■ **Task brief**: Could you copy exactly the lines below, beginning at the line with "Viking Battle Axe" and stopping after the line with "This vintage portrait", with no pictures?

§ §

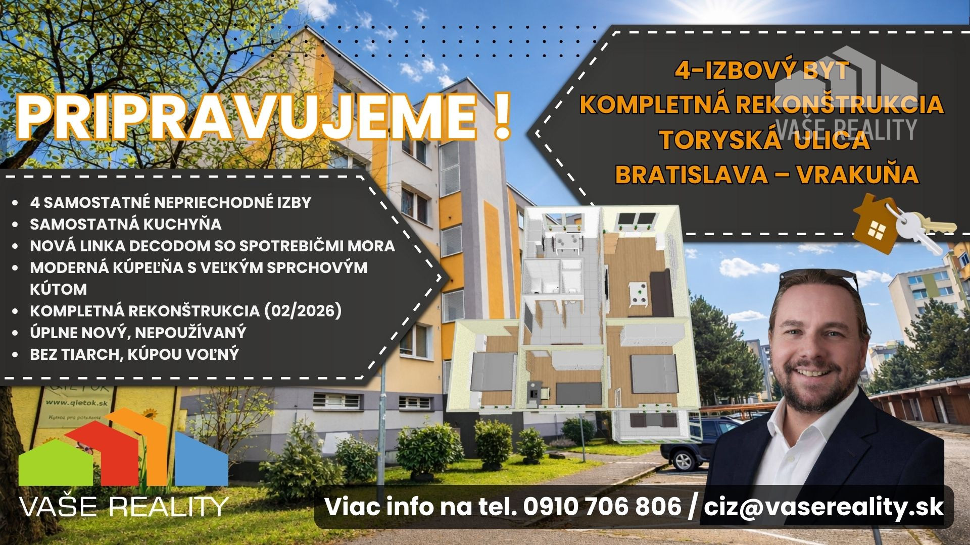 Tento nadštandardne zrekonštruovaný 4-izbový byt sa nachádza na Toryskej ulici v mestskej časti Bratislava – Vrakuňa. Rekonštrukcia prebieha vo februári 2026 – byt bude odovzdaný ako úplne nový, bez predchádzajúceho užívania.
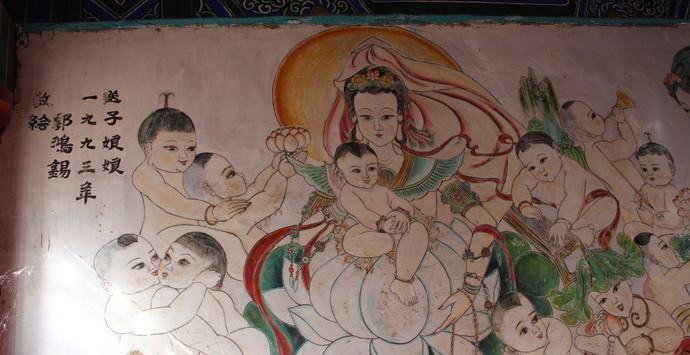 在正殿殿左右两侧则是分别供奉着送子娘娘、王母娘娘。在大殿于与寺庙的第四进院落之间还有两个封闭式的走廊,东西各两个,走廊内悬挂着无数船只,小的只有几尺的长度,大的的3米多长。除此之外,走廊内还供奉着十帝阎君,墙上还有一些诗句,都是以前的文人墨客游览时所留下的。
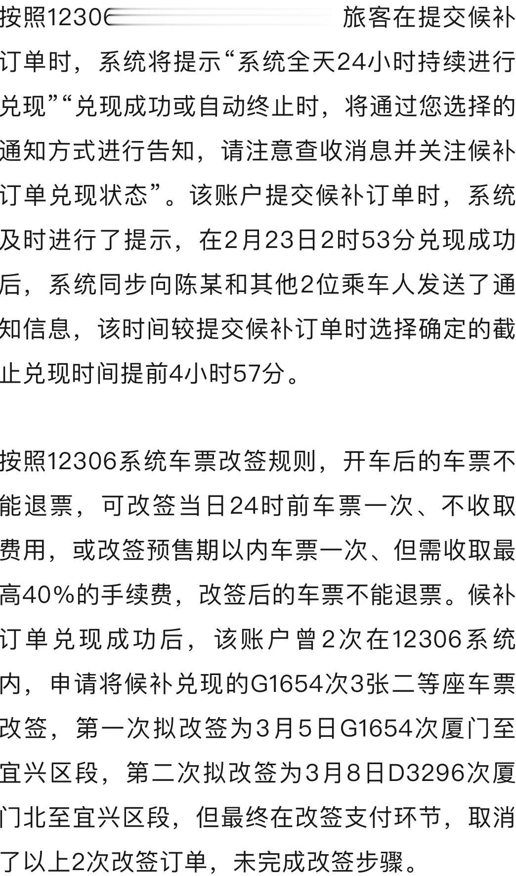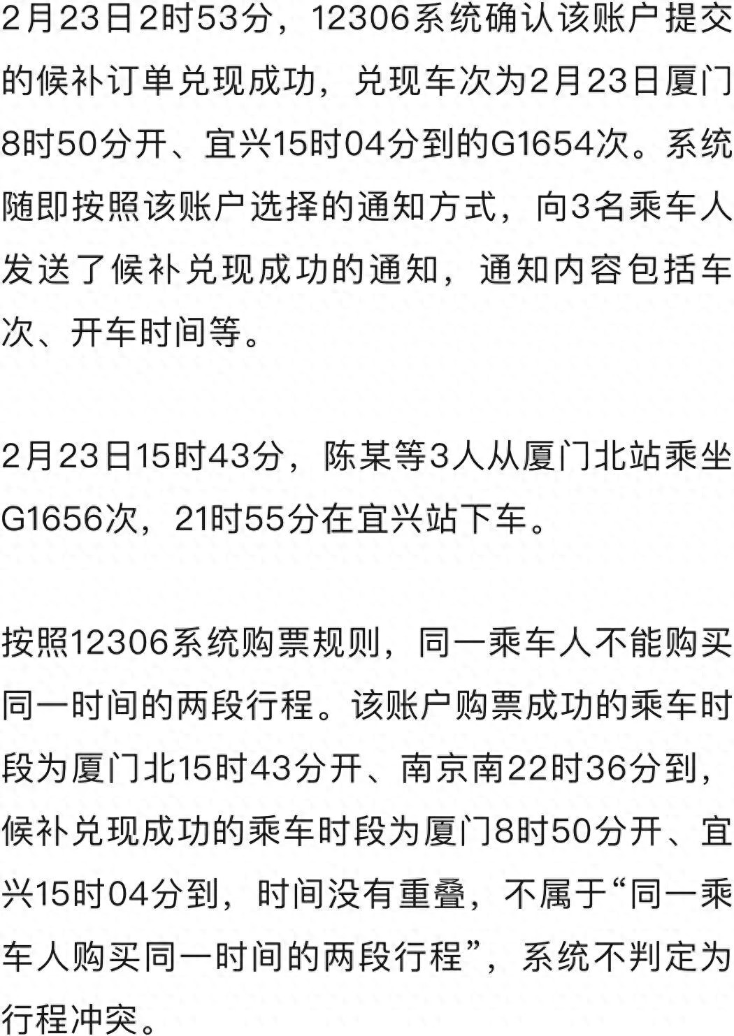 12306系统后台显示,注册为陈某的12306账户,于2月19日11时09分,下单候补2月23日厦门(厦门北)至宜兴的二等座3张,选择车次为G1654等,填写乘车人为3人,预付票款1674元,选择确认的截止兑现时间为开车前1小时,通知方式为微信通知1人、短信通知2人。2月22日18时44分,该账户下单购买了3张相同乘车人的2月23日G1656次二等座车票,购票区段为厦门北至南京南,厦门北15时43分开,南京南22时36分到,支付票款1755元。购票成功后,该账户未取消此前提交的候补订单。
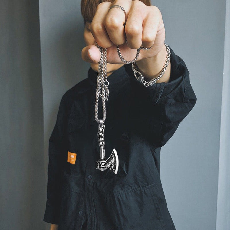 Viking Battle Axe Pendant with 60cm Rounded Box Stainless Steel Chain.
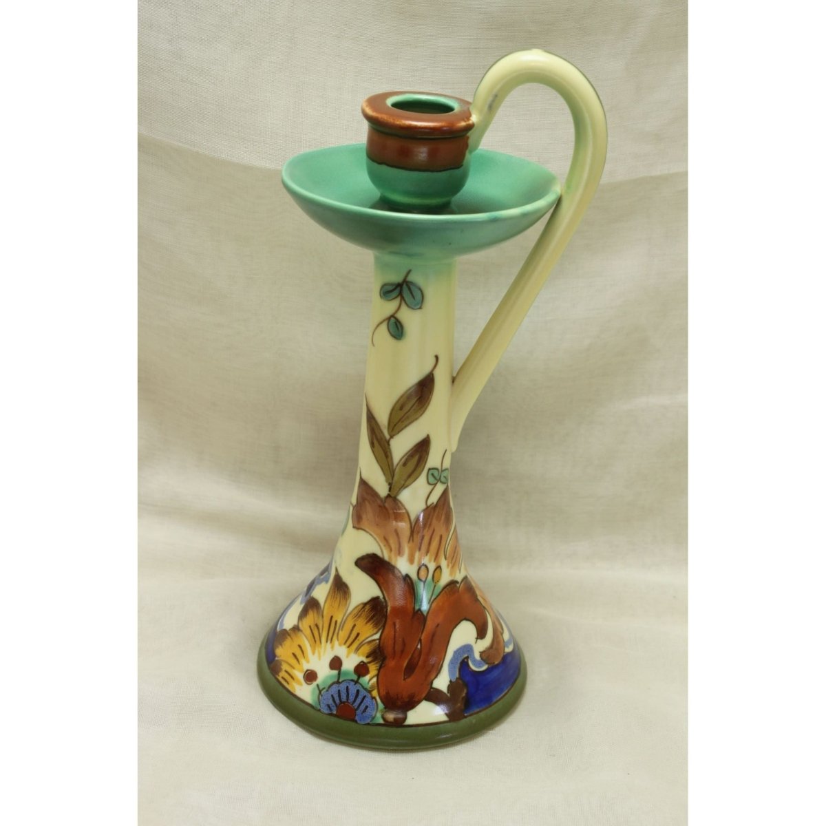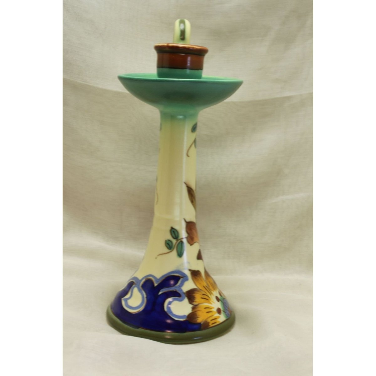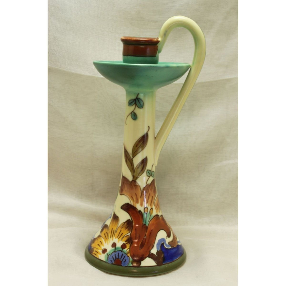 This hand painted Gouda candlestick is decorated with the Kabor pattern which consists of a colourful array of flowers emerging from a deep blue base, all on a rich, creamy ground. It stands 220 mm (8.75 inches) high and has a diameter at the base of 96 mm (3 3/8ths inches). It does have some very minor crazing, otherwise it is in very good condition. It would date from the late 1940's or the very early 1950's.
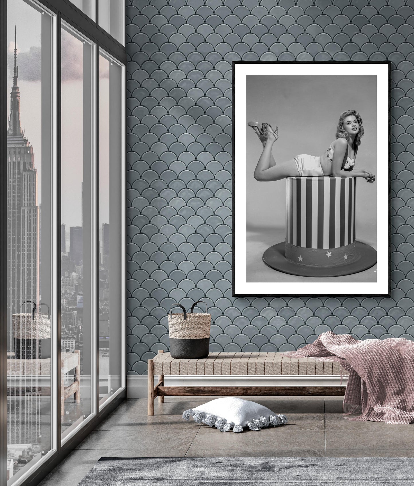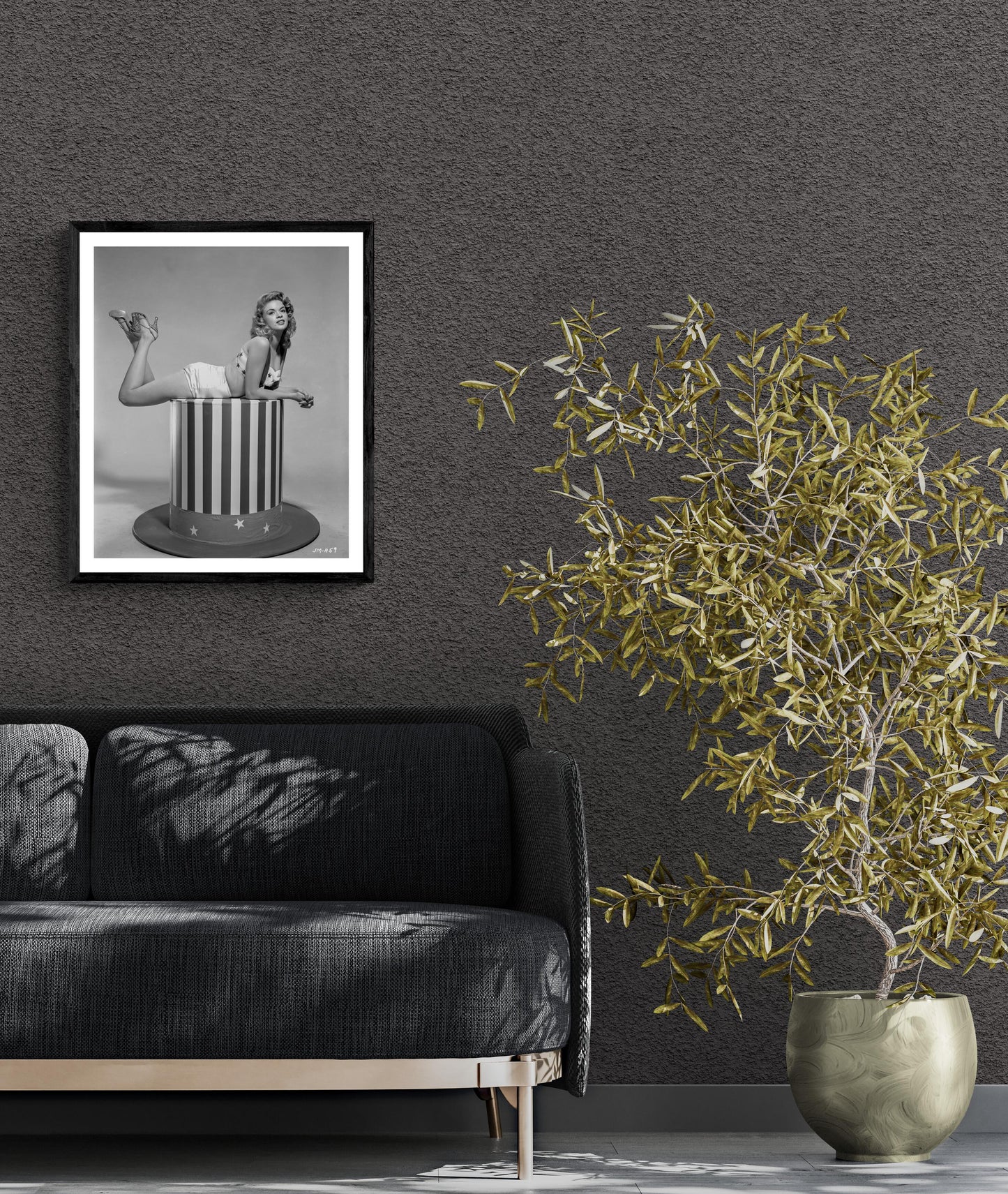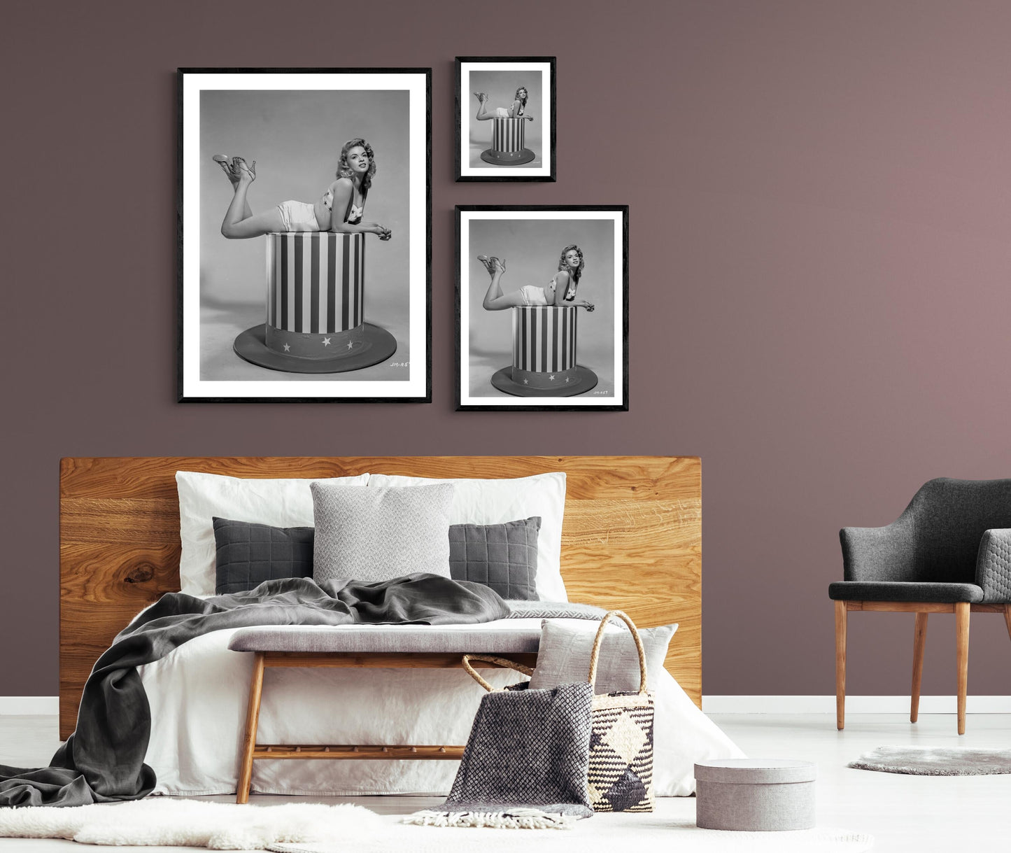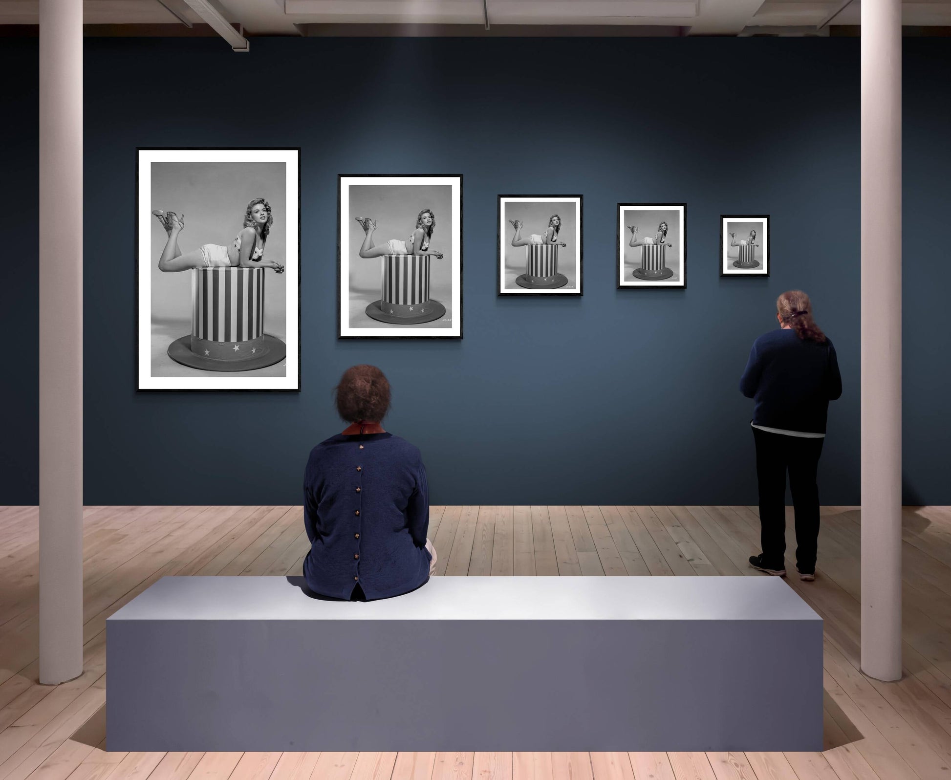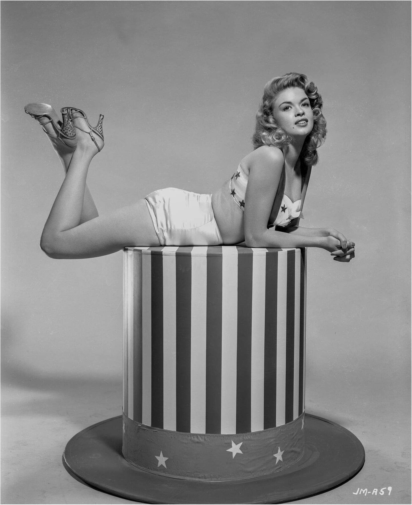 This vintage portrait features a pinup of Jayne Mansfield posed in a patriotic scene, lying on a flag motif tophat.
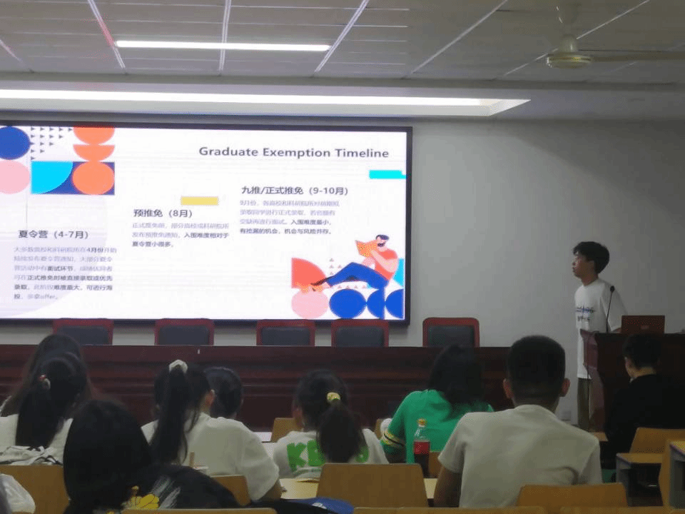 在保研经验分享的环节,李超越、何志勇借助自身经历讲述了面试时可能遇到的问题及应对办法,告诫同学们要扎实专业知识,对面试进行有针对性的准备。钟富超分享了保研准备过程中的注意事项,如熟悉科研经历中所有可能涉及到的专业知识点等,并对简历的制作进行了简要介绍。单爱婷介绍了部分大学夏令营的考核方式及氛围,建议同学们保持心态平稳。最后杨佳雨就保研的时间规划、目标定位、院校选择及复试准备提供了宝贵意见。
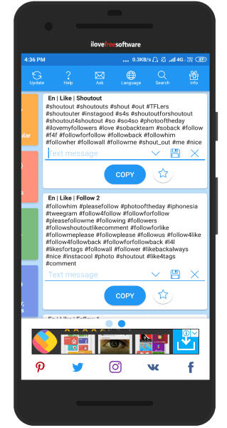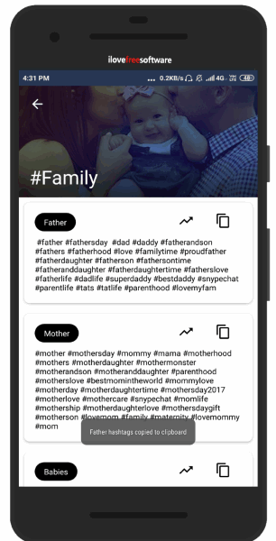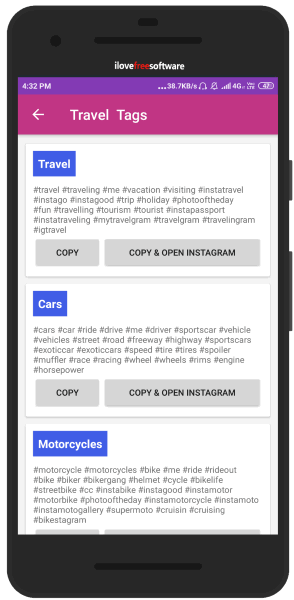 The app has a popular category that contains hashtags for different occasions such as fashion, country, family and many more. You can tap any category and copy the hashtags to use for the Instagram account.

§ §

■ **Task answer**:
 Viking Battle Axe Pendant with 60cm Rounded Box Stainless Steel Chain.
 This hand painted Gouda candlestick is decorated with the Kabor pattern which consists of a colourful array of flowers emerging from a deep blue base, all on a rich, creamy ground. It stands 220 mm (8.75 inches) high and has a diameter at the base of 96 mm (3 3/8ths inches). It does have some very minor crazing, otherwise it is in very good condition. It would date from the late 1940's or the very early 1950's.
 This vintage portrait features a pinup of Jayne Mansfield posed in a patriotic scene, lying on a flag motif tophat.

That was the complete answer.